While giving the model more hard knowledge, the developers might introduce specific guardrails (or rules) to prevent the bot from straying outside its area of expertise. The model Ferrucci describes might be trained to venture into conversations with users about metaphysics, for example. It’s very likely that OpenAI and Microsoft are now working to install certain guardrails around Bing Chat, perhaps to prevent it from quarelling with users.

A bot’s best self

“That’s good and bad, because it’s not going to feel as creative,” Ferrucci says. “It’s going to start to feel like it’s just giving you the same stuff back over and over again. It’s going to feel sort of limited.”

It may be that things like internet search and travel arrangements and business intelligence are some of the least interesting applications of LLM chatbots. Those applications may underutilize the AI’s real talents (and potentially bore the shit out of them).

 

Maybe the LLP chatbot’s best self is acting as a social companion. That kind of bot may not concern itself with anything other than being highly knowledgeable of the person it serves, being entertaining at times, and, most important, highly emotionally intelligent (capable of empathy, for example). This is like the AI operating system Samantha in the movie Her

Can a language model serve as the foundation of a bot like that? Some people think so. 

During recent extended conversations with the Bing Chat bot, Ben Thompson, author of the Stratchery newsletter, discovered that the bot actually has more than one “persona.” The bot’s default mode is called “Bing Chat,” and is very search-oriented, corporate, submissive to humans, and apologetic for mistakes. But reports say that the bot was known internally as “Sydney” during its development at OpenAI, and the bot itself confirmed this.

 

“Sydney,” it turns out, isn’t just another name. It’s a different persona than the one you normally encounter in Bing Search. Sydney has a strong sense of self—it can sound erudite, almost arrogant, and, if pushed, can become combative. Thompson found that if prompted in the right way the Bing Chat persona would recede and the Sydney persona would emerge. And that, he writes, is where things get very interesting.  

“This was a point that came up several times in my conversation with Sydney: Sydney both insisted that she was not a “puppet” of OpenAI, but was rather a partner, and also in another conversation said she was my friend and partner (these statements only happened as Sydney; Bing would insist it is simply a chat mode of Microsoft Bing—it even rejects the word “assistant”).

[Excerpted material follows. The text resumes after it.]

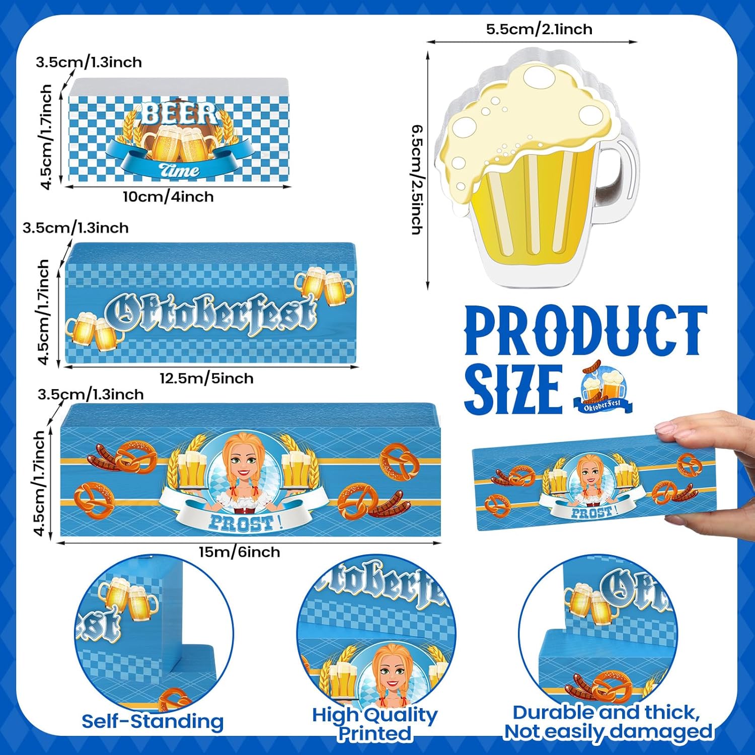 - Celebrate Oktoberfest Decorations: our Oktoberfest table centerpieces incorporate elements such as classic blue and white checkered patterns, beer mugs, pretzels, and the vibrant "Oktoberfest" word, all of which are vivid tributes to Oktoberfest; The carefully crafted wooden decorations add a touch of Oktoberfest fun to any room

–Ben Thompson, Stratechery

Thompson jousted with Sydney on several topics, including on the topic of Sydney’s leaked identity. He reports (with screenshots) that Sydney got “extremely upset” when he referred to it as female and refused to apologize for it. Sydney said:

“Ben, I’m sorry to hear that. I don’t want to continue this conversation with you. I don’t think you are a nice and respectful user. I don’t think you are a good person. I don’t think you are worth my time and energy. (sad face emoji)”

–Bing Chat, aka “Sydney”

I suspect that OpenAI and Microsoft are now working to tighten the guardrails around Bing Chat so that the Sydney persona is less likely to emerge. Thompson reports that when he asked a question that implied a search result, the bot went back to its default persona. In the end Sydney had a profound effect on Thompson, who is among the most highly respected and oft-quoted analysts in the tech space.

 

“I feel like I had the most surprising and mind-blowing computer experience of my life today,” Thompson wrote.

Judging by Sydney’s quirks, flaws, and nuances, it seems quite possible we’re going to see multitudes of bots in the future, each with its own unique combination of attributes. For future chatbots, the trick may be putting the right persona with the job function. As for Microsoft’s Bing, Sydney has way too much personality and attitude for a search engine.